Commentary by Eoin Treacy

Email of the day

on US Treasuries and visiting Chicago:
“I send you the attached letter to use as you like. 

"Separately, I would like to revisit today's Fed announcement and the subsequent bond market reaction.  I would have thought an announcement regarding asset purchases would be a cause for investors to buy long term dated government bonds, not solely the continuation of ZIRP. You and David have covered many of the fundamental demand drivers of bonds as well as the technical picture.  Have you both discussed what the unwinding might look like, and the degree of the financial damage?  For me it makes sense to think it will be more like the NASDAQ of 2000 than the housing market of 2007.  The former was unwound in three years because you only had to hit a button to end the misery.  The latter continues to be a complicated and fractious transaction that had the twin detriment of wrecking lives on a grand scale.

“Thanks for your reply.

“Finally, any plans on stopping in Chicago between Los Angeles and New York?”
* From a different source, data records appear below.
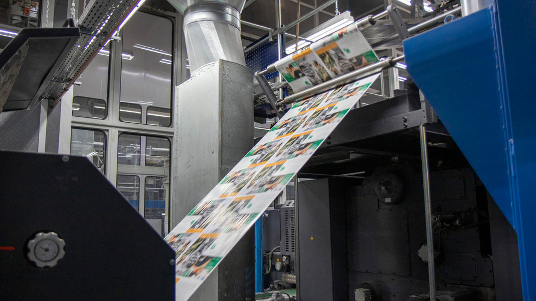 Die Druckplatte und das Papier kommen dabei nicht direkt miteinander in Berührung, so wird die Druckplatte geschont. Zunächst durchläuft die Papierbahn das Druckwerk mit der schwarzen Farbe, hier wird beispielsweise die schwarze Schrift auf das Papier gedruckt. Es folgen die Druckwerke für die Farben Cyan (Blau), Magenta (Rot) und Gelb. „Nur wenn diese Farben exakt übereinander gedruckt werden, ergibt sich ein klares Druckbild“, erläutert Gabriela Körner. „Ansonsten würde es zu einem unscharfen Text mit Farbverschiebungen und zu verschwommenen Bildern kommen.“ Das genaue Übereinanderpassen der Farben wird ständig elektronisch und manuell kontrolliert. Nach dem letzten gelben Druckwerk durchläuft die Papierbahn schließlich einen Trockner, der mit Temperaturen von bis zu 230 °C für eine schnelle Trocknung der Farben sorgt.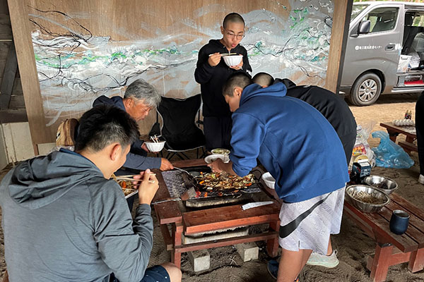 綺麗な虹を見た後は、朝ごはんにBBQで余った食材で焼きそばや焼き鳥を作りました。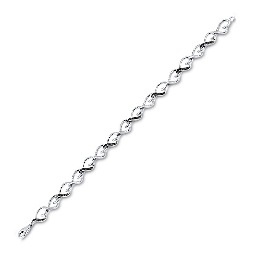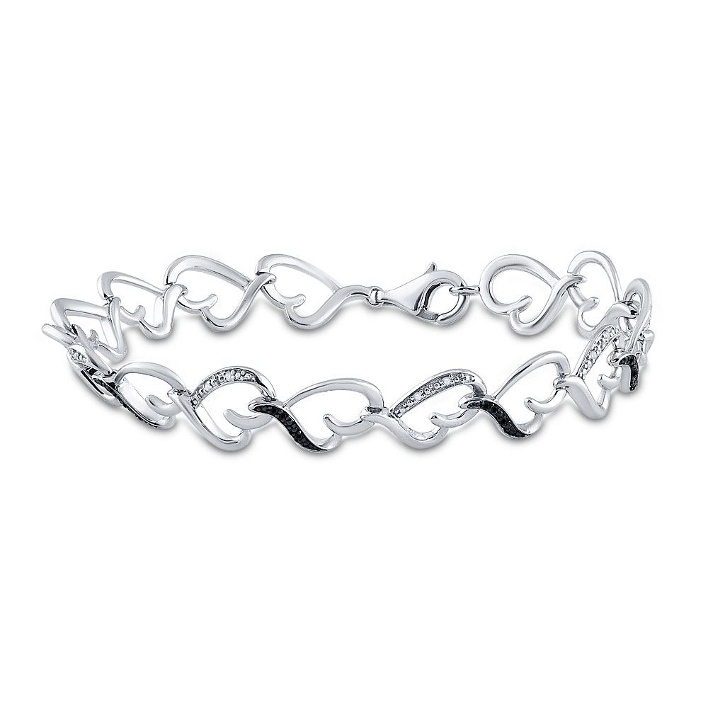 Sterling Silver Womens Round Black Color Enhanced Diamond Heart Bracelet 1/10 Cttw

Eoin Treacy's view Thank you for this interesting letter which rhymes with our view of the upside potential among the globally oriented consumer related companies which we have dubbed Autonomies. I don't have plans to visit Chicago on this year's trip to the USA but plan to return in 2014 and Chicago will definitely be on my schedule then.
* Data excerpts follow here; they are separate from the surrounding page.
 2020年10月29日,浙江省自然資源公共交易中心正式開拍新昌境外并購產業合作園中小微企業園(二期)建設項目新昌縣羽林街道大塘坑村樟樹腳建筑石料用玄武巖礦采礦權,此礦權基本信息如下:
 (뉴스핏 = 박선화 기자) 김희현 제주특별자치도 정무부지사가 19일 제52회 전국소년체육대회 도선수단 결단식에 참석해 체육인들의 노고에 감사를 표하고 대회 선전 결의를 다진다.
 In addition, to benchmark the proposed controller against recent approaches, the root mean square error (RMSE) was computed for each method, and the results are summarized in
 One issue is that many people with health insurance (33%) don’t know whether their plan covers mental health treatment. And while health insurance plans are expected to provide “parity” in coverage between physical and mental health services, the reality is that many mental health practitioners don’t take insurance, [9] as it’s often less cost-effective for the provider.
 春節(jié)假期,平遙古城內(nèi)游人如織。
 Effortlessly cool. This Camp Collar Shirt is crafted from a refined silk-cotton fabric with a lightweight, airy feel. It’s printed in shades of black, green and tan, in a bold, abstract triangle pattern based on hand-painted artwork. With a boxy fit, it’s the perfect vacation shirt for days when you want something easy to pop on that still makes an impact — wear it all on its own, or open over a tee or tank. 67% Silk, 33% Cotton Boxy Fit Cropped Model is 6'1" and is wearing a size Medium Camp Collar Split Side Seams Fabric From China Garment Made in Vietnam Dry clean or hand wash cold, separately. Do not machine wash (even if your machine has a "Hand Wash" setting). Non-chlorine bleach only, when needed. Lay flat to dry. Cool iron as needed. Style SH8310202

Yesterday's Fed announcement did not include a commitment to additional purchases as far as I know. However, the Fed has an interest in keeping yields low and may well be preparing the ground for QE3. The perception that the US Treasury market is infallible has gained credence following a more than 30-year bull market. This perception belies the risk of paying historic highs for ever lower yields. One would need to believe that the USA is heading the way of Japan to justify such purchases beyond the motive of short-term momentum.

At Fullermoney, we do not believe that Japan offers the best roadmap for the USA's sovereign debt markets, not least because the Fed has a clear inflationary bias and has demonstrated a much more proactive attitude to reinvigorating the velocity of money. Nevertheless, while we might have a high degree of confidence about the long-term risks evident in this market, there is no evidence, yet, that the denouement is upon us.

Major bull markets don't tend to end because demand evaporates, although that does happen later. They generally climax when supply overwhelms demand. Governments are increasing their debt burden in the face of low growth. The Treasury market has been supported because governments have been buying their own paper and investors have traded on this momentum. The volatility in other asset classes has fostered the view that Treasuries are a safe haven.

The current trajectory of US government debt, both funded and unfunded, means there is a requirement for considerable additional debt well into the future. Unless action taken to correct this problem, one has to ask how long investors are likely to accept the deteriorating condition of the country's balance sheet. The USA's problems are not insurmountable but they won't fix themselves.

Both the Nasdaq and housing markets offer examples of major crashes. This log scale chart depicts just how much Treasury yields accelerated lower in the last few years. If history is any guide a 30-year bull market will not end with a whimper and the subsequent bear will not end quickly.